Bill Maurer, Justin Richland, Lee Cabatingan

UC Irvine anthropology professors Bill Maurer and Justin Richland, and criminology, law & society associate professor Lee Cabatingan, have been tapped as co-editors of the Law & Society Review, the 60-year-old leading peer-reviewed journal of the Law and Society Association. LSR publishes four issues annually featuring sociolegal scholarship on the relationship between society and the law, laws, legal institutions and legal processes. As co-editors, Maurer, Richland and Cabatingan will guide the journal’s content selection and peer-review process.

"As anthropologists - one of the 'original' fields constituting Law and Society’s earliest membership, but whose scholarship appears infrequently in LSR’s pages these days - and law scholars, but also in light of the dire challenges facing the rule of law today, our vision for LSR is one that redoubles efforts to inquire after the many ways law and society scholars of all stripes ask and answer the question, 'How does law matter?'” Richland says.

“In posing this question this way – that is, with an intentionally pluralistic understanding of ‘matter’ as both a question of law’s ideological significance and its empirically observable impact on people’s lives and worlds – we hope to spark urgent yet deliberative conversations about law in society, and position LSR as the premier venue for curating these vital discussions,” Maurer explains.

 “Our aim, in both selecting this theme, but also in all the plans we are making for the journal as well as other kinds of content online and for in-person forums, is to build on the foundational commitment of the Law and Society Association to be a place where scholars and practitioners of law can come together from across their disciplinary and institutional divides to engage in robust, clear-eyed debate about the contours of law’s place in our complex social worlds," Cabatingan adds.

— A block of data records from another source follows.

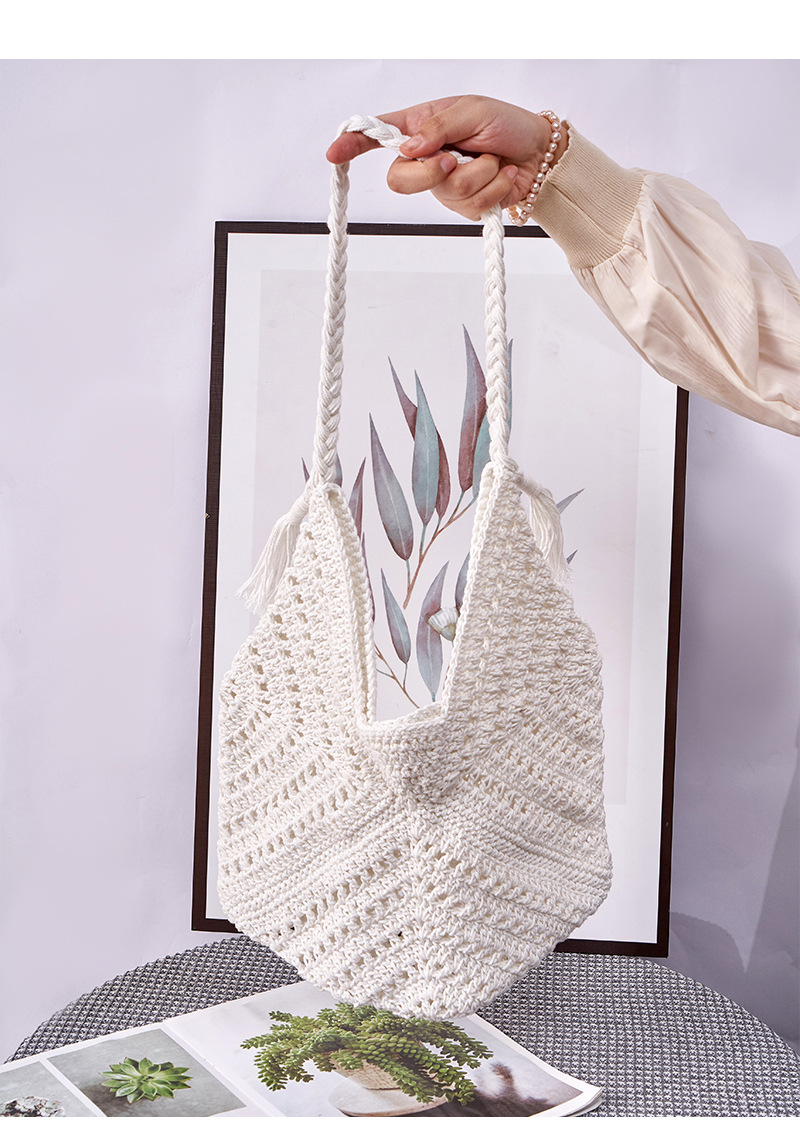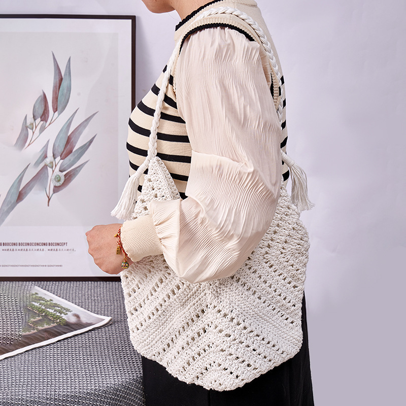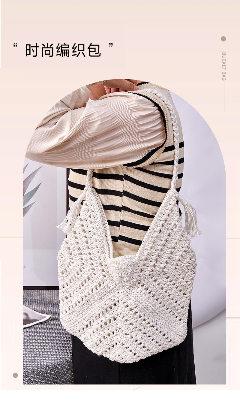 风格: 都市简约 货号: 单肩包 材质: 棉 箱包潮流款式: 单肩包 箱包大小: 中 流行元素: 编织,串珠,镂空 上市年份季节: 2024年春季 里料质地: 涤棉 箱包形状: 竖款方型 开盖方式: 敞口 重量: 8.0 kg/个
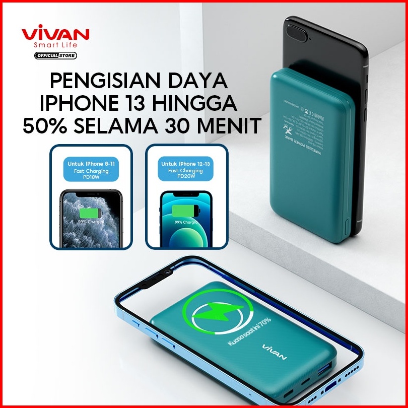 Vivan Magbank 10000 Mah Wireless 3 Output Fast Charging 20w Qc3.0 Pd Magnet Powerbank Vpb-w12
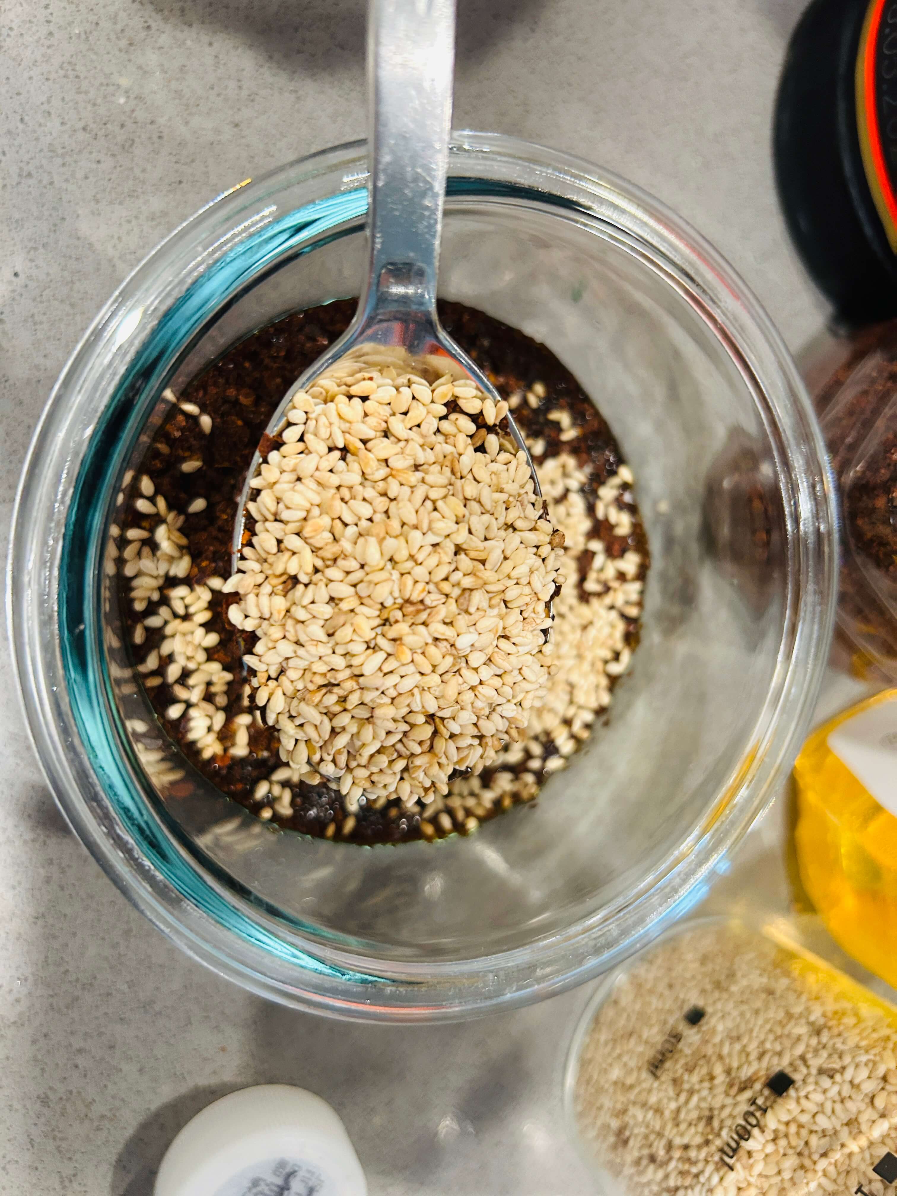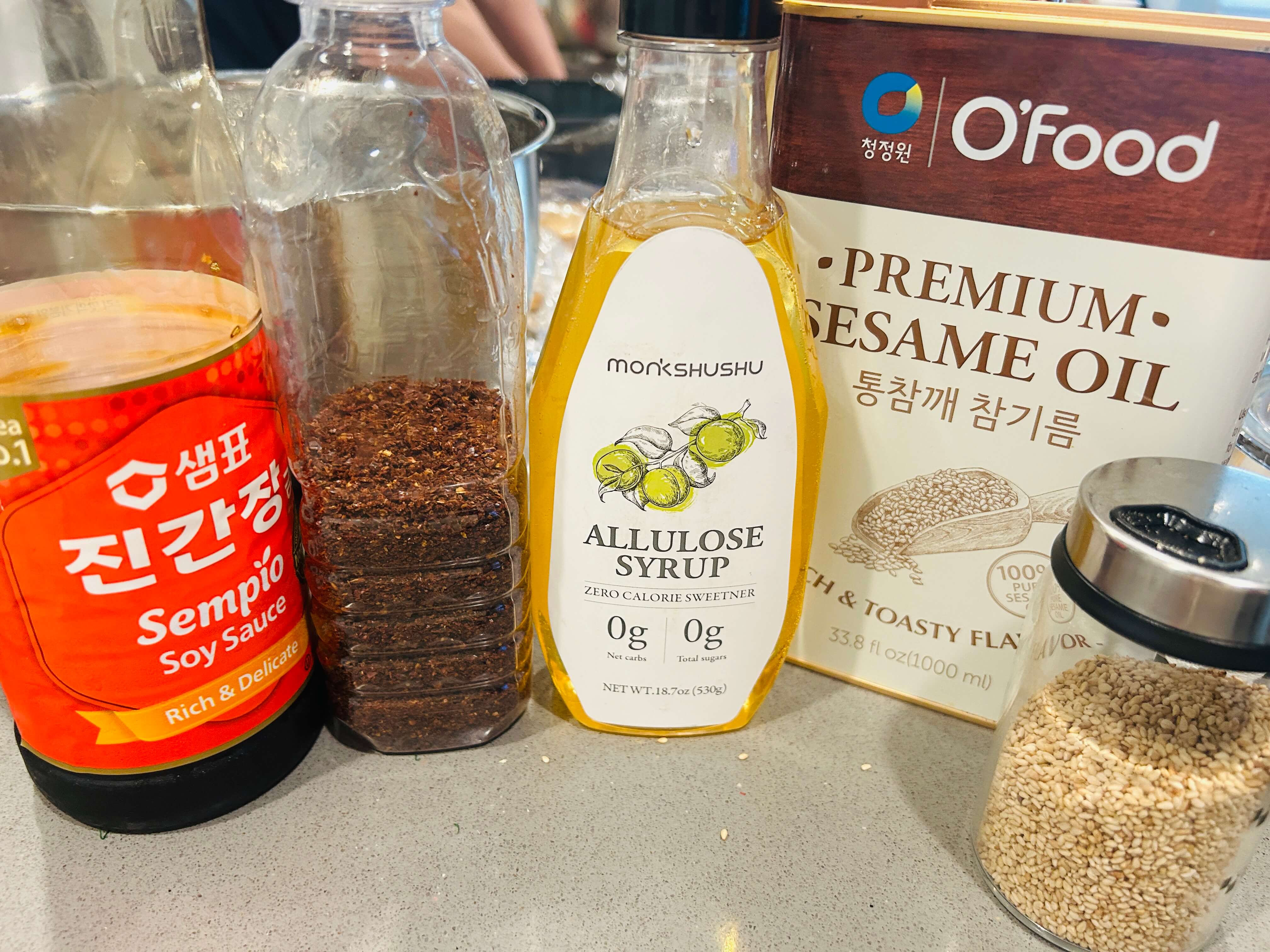 16. 솥밥 양념장으로 다진 마늘 0.5, 간장 2, 알룰로스(설탕) 1, 고춧가루 2, 깨 1, 참기름 1 숟갈을 넣고 잘 섞어줍니다.
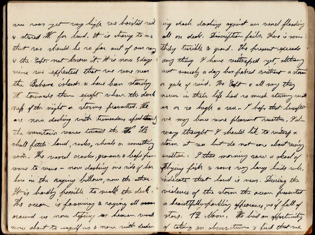 January 27th. Monday, 9 a.m. Yesterday at about 2 p.m. a heavy gale commenced and lasted nearly all night. As we had not yet ascertained where we were, we felt in a very perilous situation. We laid to the afternoon and night. The storm was very severe and the sea high. We could scarcely keep in our berths. Early in the morning although the sea was yet very high, we hoisted sail & steered west for land. It is strange to me that we should be so far out of our way and the captain not know it. It is now three days since we expected that we were near the Bahama islands and have been steering west towards them except when the darkness of the night or storms prevents. We are now dashing with tremendous speed through the mountainous waves towards the west. We shall fetch land, rocks, shoals, or something soon. The vessel cracks, groans, and leaps from wave to wave—now dashing one side of her bow in the raging billows, now the other. It is hardly possible to walk the deck. The ocean is foaming and spraying all around us now, tossing us heaven ward now, about to engulf us now, with deadening crash, dashing against our vessel, flooding all on deck. Description fails. There is something terrible and grand. The present exceeds anything I have witnessed yet, although not nearly a day has passed without a storm or a gale of wind. The captain & all say they never in their life had so much stormy weather or so high a sea. I hope that hereafter we may have more pleasant weather. I always thought I should like to witness a storm at sea, but do not care about seeing another. I this morning saw a school of flying fish and some very large birds which indicate that land is near. During the violence of the storm the ocean presented a beautifully sparking appearance, as if full of stars. 12 noon. We had an opportunity of taking an observation & find that we are in latitude 26 o 44′ one degree further north than we expected & from observing the course of a brig just in sight which we suppose has a chronometer, we find that we have been mistaken in regard being near land & that we from some course, have been out of our way far to the east.
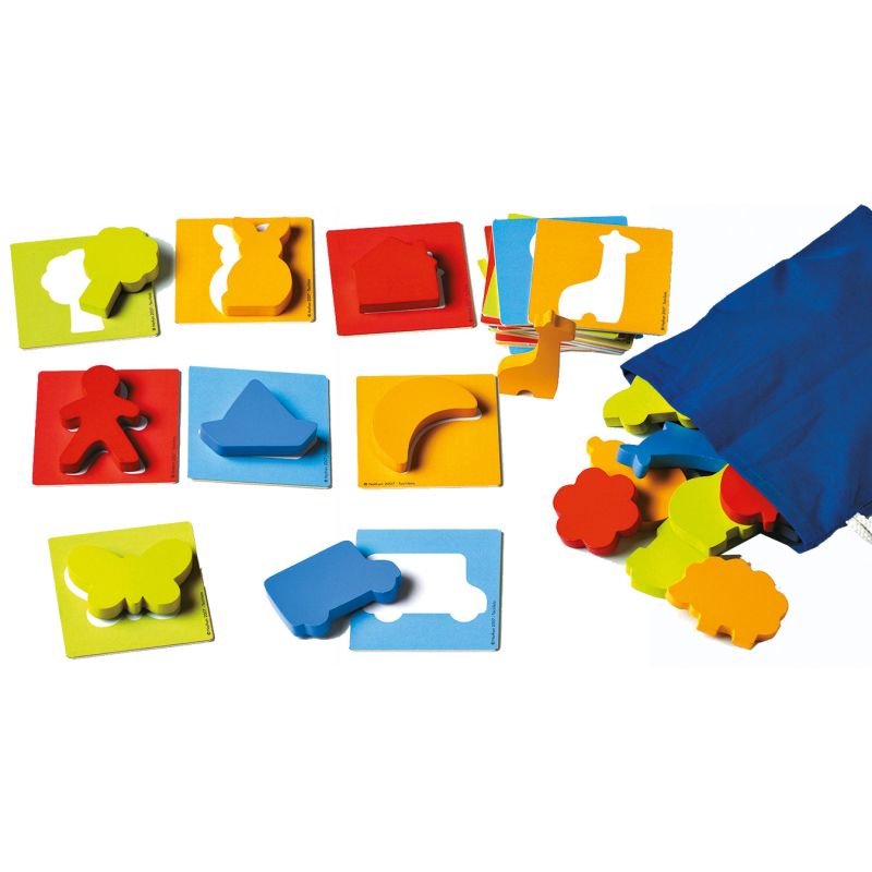 - Identifica las figuras que están dentro de la bolsa para hacerlas coincidir con las tarjetas que tienen impresas la silueta.
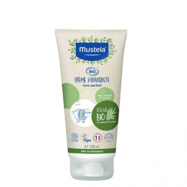Mustela BIO Creme Hidratante tem uma fórmula com ingredientes provenientes da agricultura biológica e que contém azeite orgânico francês, óleo de girassol, aloé vera, glicerina vegetal para hidratar, suavizar, reparar e proteger a pele das agressões externas.
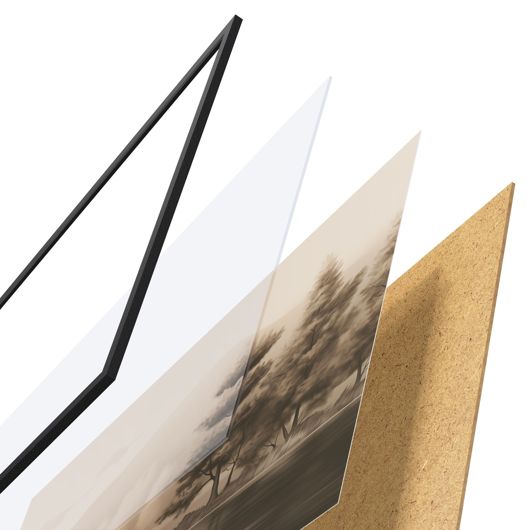 Plakāts sastāv no rāmja, pleksstikla, iespiestā attēla un skaidu plātnes pamatnes. Plakātu var uzreiz piekarināt pie sienas, pateicoties aizmugurē esošajiem stiprinājumiem.
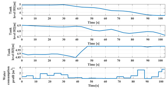 For this profile, five operating modes are presented: system shutdown, desalination, pumping, storage and desalination, pumping and desalination and storage. At the beginning of this practical scenario, the electrical power emitted by the hybrid source is zero until 13 s. During this interval, the EMS activates Mode 0 (system shutdown). Thus, there is stability in the water tanks’ levels H1 and H2 and a reduction in the tank level H3 due to the water consumption. Between 13 s and 28 s, the power generated is greater than the storage motor pump limit and the minimum power of the desalination motor pump . Also, the storage and permeate water tanks are full. Thus, the EMS remains in Mode 0. Between 28 s and 49 s, the electrical power delivered by the source is at a maximum. The EMS decides to operate all the motor pumps (Mode 7) by imposing fixed reference values, P1-NN* and P3-NN*, for the pumping and storage motor pumps. The desalination motor pump operates at its maximum power value. Then, the water tank level H1 decreases since the desalination motor pump is operating at its maximum power, which is greater than that of the pumping motor pump. In addition, the water tank level H3 is decreased due to the increase in the consumption flow rate. At t = 40 s, due to the decline in the water consumption, the water tank level H3 is increased. Between 49 s and 63 s, the hybrid electric power declines and Mode 2 is activated where the EMS must operate only the desalination. This leads to a decrease in the brackish water tank level H1, an increase in the permeate water tank level H2, and stability in the freshwater tank level H3 owing to the low water demand. Then, between 63 s and 73 s, the EMS switches to operate the three motor pumps. Hence, there is a decrease in the two tank levels H1 and H2, while the freshwater tank level H3 reaches its maximum value. Between 78 s and 93 s, the power delivered decreases and the desalination motor pump and the storage pump operate (Mode 4). During the interval between 93 s and 101 s, the power is low and the system is shutdown (Mode 0). The water tank levels H1 and H2 are constant, and the freshwater tank decreases which is justified by the height demand for consumption.
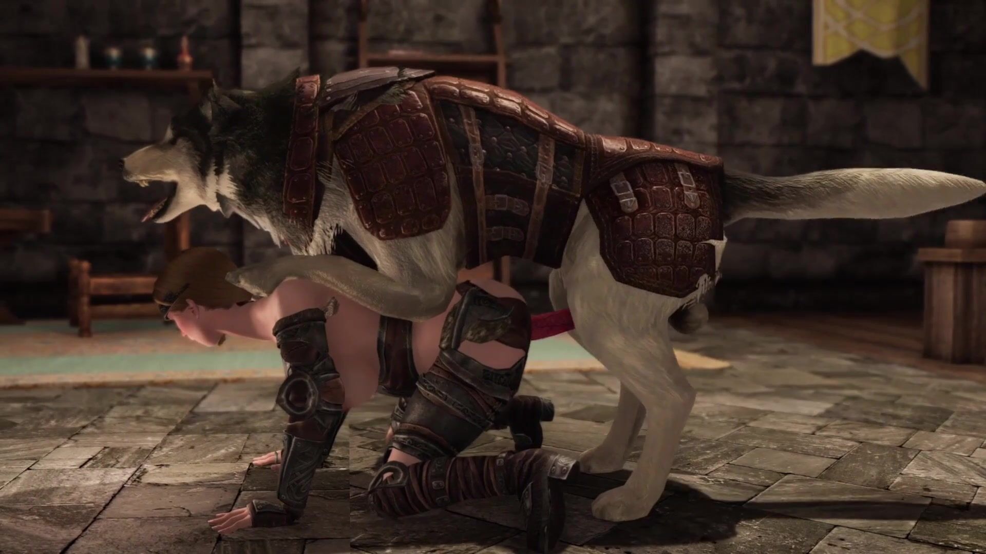 Watch as this Skyrim fan reenacts their favorite fantasy game with a lovable canine companion in this hot hentai video!

Maurer is currently dean of the School of Social Sciences, professor of anthropology and law, and director of the Institute for Money, Technology & Financial Inclusion at UC Irvine. He is an internationally recognized expert on the anthropology of law, money and finance. His research has been supported by the National Science Foundation as well as multiple public and private foundations, associations, and corporations. In 2016, he was named a fellow of the Filene Research Institute and the American Association for the Advancement of Science. Maurer earned his A.B. in anthropology and women’s studies at Vassar College, and his master’s and Ph.D. in anthropology at Stanford University. He’s been a member of the UCI faculty since 1996.

Richland is professor and chair of the anthropology department at UCI. He earned his J.D. at UC Berkeley and his Ph.D. at UCLA. He studies Native American law and politics in the contemporary moment – particularly the interface between tribal nations in the U.S. and the U.S. federal and state governments. In 2015 he was appointed to his second term of service by the Hopi Tribal Government as Associate Justice of the Hopi Appellate Court (from 2006-09, he served as Justice Pro Tempore). In 2016, he became a member of the research faculty of the American Bar Foundation and he was named a J.S. Guggenheim Fellow. In 2018, he was appointed to a three-year term as an American Bar Foundation Faculty Fellow.

Cabatingan is an associate professor of criminology, law & society with a joint appointment in anthropology. Her research, supported by the National Science Foundation and other private foundations, such as the Wenner-Gren Foundation for Anthropological Research, focuses on topics in anthropology of law and legal institutions; nation, state, and region formation; sovereignty; conceptualizations of property; socialism and late-socialism; postcolonial studies; and the Caribbean, especially Cuba and the Anglophone Caribbean. She earned her A.B. at Princeton University, her J.D. at University of California Hastings College of the Law (now known as UC Law SF), and her master’s and Ph.D. at the University of Chicago.